Pick any numbers that add to:
x + y + z = 0
Find the angle between your vector \textbf{v} = (x, y, z)
and the vecor \textbf{w} = (z, x, y)
Explain why \textbf{v}\bullet\textbf{w} / ||\textbf{v}||||\textbf{w}|| is always -\frac{1}{2}

Homework Equations

Cosine Forumla:

\frac{\textbf{v}\bullet\textbf{w}}{||\textbf{v}||||\textbf{w}||}=cos\theta

The Attempt at a Solution

I pick:

\textbf{v} = (2, -1, -1)
\textbf{w} = (-1, 2, -1)

I insert the integers into the cosine forumla and get -\frac{1}{2}

As for the question why it is always -(1/2), I am not sure where to start.

If you guys could push me in the right direction I would really appreciate it.

Thanks!

 

[rock.freak667]

Well I'd write out what v.w works out as and what |v||w| works out as.

EDIT: Hint: remember what (x+y+z)² equals

 

[Dafe]

\textbf{v} \bullet \textbf{w} = xz + yz + xy

I can write this as:
\textbf{v} \bullet \textbf{w} = \frac{1}{2} (x + y + z)^2 - \frac{1}{2} (x^2 + y^2 + z^2)

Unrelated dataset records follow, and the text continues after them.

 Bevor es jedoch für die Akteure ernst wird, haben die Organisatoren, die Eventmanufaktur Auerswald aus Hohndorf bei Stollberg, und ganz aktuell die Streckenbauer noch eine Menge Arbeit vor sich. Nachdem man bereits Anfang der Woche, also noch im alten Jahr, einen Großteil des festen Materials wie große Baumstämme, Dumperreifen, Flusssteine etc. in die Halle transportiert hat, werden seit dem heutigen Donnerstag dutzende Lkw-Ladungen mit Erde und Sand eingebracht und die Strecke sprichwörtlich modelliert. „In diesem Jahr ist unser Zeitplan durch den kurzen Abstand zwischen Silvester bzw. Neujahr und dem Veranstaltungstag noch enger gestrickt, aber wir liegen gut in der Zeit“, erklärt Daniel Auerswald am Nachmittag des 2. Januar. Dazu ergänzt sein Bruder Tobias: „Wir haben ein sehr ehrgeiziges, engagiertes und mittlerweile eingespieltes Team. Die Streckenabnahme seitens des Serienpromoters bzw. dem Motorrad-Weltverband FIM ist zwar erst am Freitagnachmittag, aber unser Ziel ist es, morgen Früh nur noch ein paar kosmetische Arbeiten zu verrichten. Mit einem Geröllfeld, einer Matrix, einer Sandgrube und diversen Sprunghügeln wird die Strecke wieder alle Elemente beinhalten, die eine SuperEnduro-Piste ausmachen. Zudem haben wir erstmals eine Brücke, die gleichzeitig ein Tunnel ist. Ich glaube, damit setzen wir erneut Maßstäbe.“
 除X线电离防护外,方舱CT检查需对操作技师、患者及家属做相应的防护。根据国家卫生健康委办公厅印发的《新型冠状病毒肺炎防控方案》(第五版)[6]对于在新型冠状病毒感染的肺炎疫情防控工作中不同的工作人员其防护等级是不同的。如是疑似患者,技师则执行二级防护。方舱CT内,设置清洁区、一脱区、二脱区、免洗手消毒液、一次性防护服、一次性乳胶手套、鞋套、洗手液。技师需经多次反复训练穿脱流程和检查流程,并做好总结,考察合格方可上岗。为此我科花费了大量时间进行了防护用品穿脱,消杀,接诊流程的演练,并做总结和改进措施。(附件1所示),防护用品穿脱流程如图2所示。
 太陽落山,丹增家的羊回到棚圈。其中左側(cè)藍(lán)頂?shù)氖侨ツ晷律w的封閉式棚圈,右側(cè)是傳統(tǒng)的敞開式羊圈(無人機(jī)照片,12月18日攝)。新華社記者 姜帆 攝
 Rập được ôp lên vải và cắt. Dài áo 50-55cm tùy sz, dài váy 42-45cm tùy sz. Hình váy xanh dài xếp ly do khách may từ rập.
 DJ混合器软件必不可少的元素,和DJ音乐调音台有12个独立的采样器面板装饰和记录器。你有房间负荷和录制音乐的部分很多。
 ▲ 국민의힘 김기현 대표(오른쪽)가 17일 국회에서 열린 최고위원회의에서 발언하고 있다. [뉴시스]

||\textbf{v}|| ||\textbf{w}|| = x^2 + y^2 + z^2

This leads me to:

\frac{\textbf{v} \bullet \textbf{w}}{||\textbf{v}|| ||\textbf{w}||} = \frac{\frac{1}{2} (x + y + z)^2}{(x^2 + y^2 + z^2)} - \frac{1}{2}

since

x + y + z = 0

the answer is,

- \frac{1}{2}

Thank you rock.freak667!